I have to admit that, while I can see the value in genealogy timelines, for the most part I haven’t seen the need to use them. There are exceptions, though, and for me the exception is a brick wall. I had the pleasure of attending Thomas MacEntee’s and Lisa Alzo’s Hack Genealogy Holiday Boot Camp and discovered all kinds of neat little tips. One tip which I explored right away was using Timetoast to create a timeline for my husband’s black sheep 2x great grandfather, Isaac Sturgell.
Timetoast does require that an account be opened and there is a free version, which suited my needs perfectly. There are ads displayed, but they are easy enough to ignore.
Isaac was born about 1823, probably in Grayson County, Virginia. He died on 26 February 1909 in the Poorhouse of Barry County, Missouri and was buried in an unmarked grave at Oak Hill Cemetery. In between his birth and death, he was a busy man on the move! He married four times in four different counties and two different states and left crumbs of a paper trail in Lawrence County, OH, Barry County, MO plus Benton, Pope, Carroll and Boone Counties in Arkansas.

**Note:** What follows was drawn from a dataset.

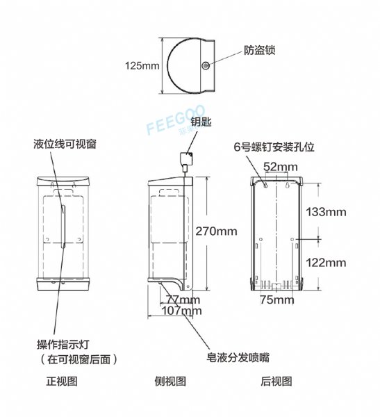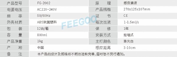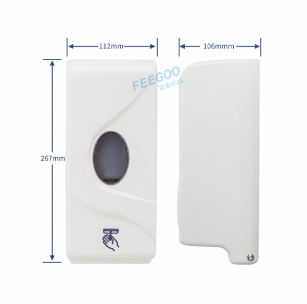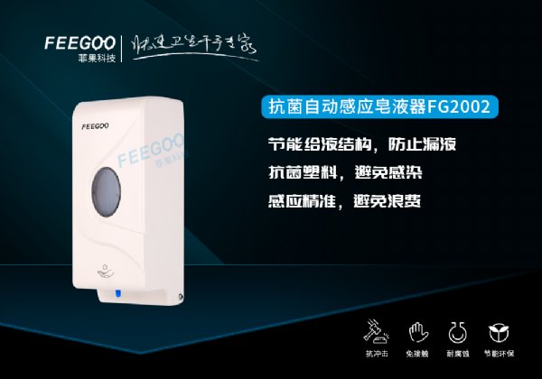 FG2002高强度ABS自动感应皂液器采用ABS抗菌工程塑料,在原始的按压式基础上改良为感应式皂液,免接触会避免交叉感染,三种款式:泡沫款、滴液款、喷雾款,设计了低电量提示:蓝灯闪烁。

The timeline I created is a simple fact-based list of what he did where and at what time. I didn’t add any images or lengthy descriptions, but Timetoast produced a very usable format to guide my recent research in Salt Lake City.
I have cropped out the ads and extraneous information. Each blue dot represents one fact in Isaac’s lifetime. I also created a time span note from his birth year until his death. The time span is displayed along the light blue bar under the dots.
One thing I didn’t like was that a full month-day-year format was required. While I have exact dates for some events, for others (including his birth), I only have a year. I entered January 1 for the exact date, but would have preferred to leave the month and date blank if I didn’t know it.
Underneath the timeline, on the right side (not seen in the cropped image above) were several small buttons, enabling me to have the events appear in list format and/or to enlarge the time line several times. There is also a Timeline button that can be scrolled to the right and left. However, while I thought that scrolling it would highlight each of the events in the timeline box, it only opened the list of events.
There are three columns, for the Event Date, Event Title and Event Description. As you can see, I filled in the dates and put the very short description into the Event Title. You can see where I also added the county and state into the Event Description. At the bottom of the list, there is a Timespan Description, where I entered Isaac’s life span years.
This timeline was very handy as a quick reference list while I was expanding my record search for Isaac in all the places where he lived.
If you haven’t used computer-generated timelines, but would like to try one out, I would recommend Timetoast.